Verfahrensgang

LG Ulm (Urteil vom 25.07.1997; Aktenzeichen 3 O 192/97)

 

Tenor

1. Auf die Berufung der Klägerin wird das Urteil der 3. Zivilkammer des Landgerichts Ulm vom 25.07.1997 wie folgt abgeändert:

Die Klage ist dem Grunde nach gerechtfertigt. Wegen der Entscheidung zur Höhe wird der Rechtsstreit an das Landgericht zurückverwiesen. Dem Landgericht wird auch die Entscheidung über die Kosten des Rechtstreits einschließlich der Kosten der Berufung übertragen.

2. Das Urteil ist vorläufig vollstreckbar.

Streitwert des Berufung und Wert der Beschwer für die Beklagte: 113.187,79 DM

 

Tatbestand

Die Klägerin unterhält bei der Beklagten die nach § 67 StBerG vorgeschriebene Haftpflichtversicherung. Sie hat sich gegenüber einer Mandantin, der Firma R. GmbH, schadensersatzpflichtig gemacht, weil sie die Investitionszulage für das Jahr 1994 verspätet beantragt hat und weil diese Investitionszulage daher nicht gewährt wurde.

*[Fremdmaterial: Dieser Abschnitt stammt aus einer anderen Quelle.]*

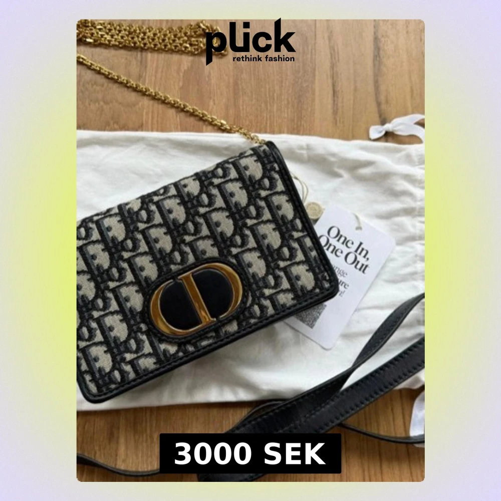 Säljer en snygg axelväska från Dior med klassiskt monogrammönster i svart och beige. Väskan har guldfärgad kedja, magnetlås och detaljer i svart skinn. Framsidan pryds av ett stort CD-emblem i guld och svart. Perfekt storlek för det viktigaste och har flera fack inuti.
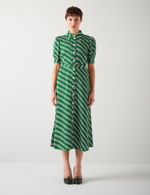 Lk Bennett Women's Geometric Metallic Square Neck Midi Dress - 6 - Green Mix, Green Mix
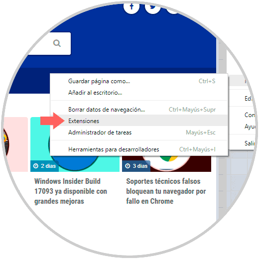 En el caso de Google Chrome iremos a la opción “Personaliza y controla Google Chrome” y vamos a la ruta “Mas herramientas / Extensiones”:

Die Klägerin nimmt die Beklagte aufgrund des Versicherungsvertrages in Anspruch auf Leistung von Schadensersatz. Den behaupteten Gesamtbruttoschaden errechnet sie wie folgt:

Nicht erhaltere Investitionszulage

66.812,00 DM

zuzüglich Gewerbesteuer

20.080,00 DM

zuzüglich Körperschaftssteuer

58.237,00 DM

zuzüglich Solidaritätszuschlag

4.367.00DM

insgesamt

149.469,00 DM

Die Klägerin hat vorgebracht, der Steuerberater und Geschäftsführer G. habe den am 10.07.1995 gefertigten und am 01.08.1995 nochmals besprochenen Antrag im verschlossenen Umschlag seiner Sekretärin zur Weiterleitung als einfachen Brief übergeben. Der Brief sei nicht im Hause der Klägerin liegengeblieben. Der Postversand fristwahrender Schriftstücke sei bei ihr so organisiert, daß diese Schriftstücke immer per Einschreiben versandt würden und hierzu dann der Einschreibbeleg in die Akte eingeordnet werde. Vorliegend habe der Steuerberater die Versendung als Einschreiben versehentlich nicht beachtet. Dieser Fehler sei bei der Anfang September durchgeführten Kontrolle, ob sämtliche Anträge gefertigt worden seien, ebenfalls nicht bemerkt worden.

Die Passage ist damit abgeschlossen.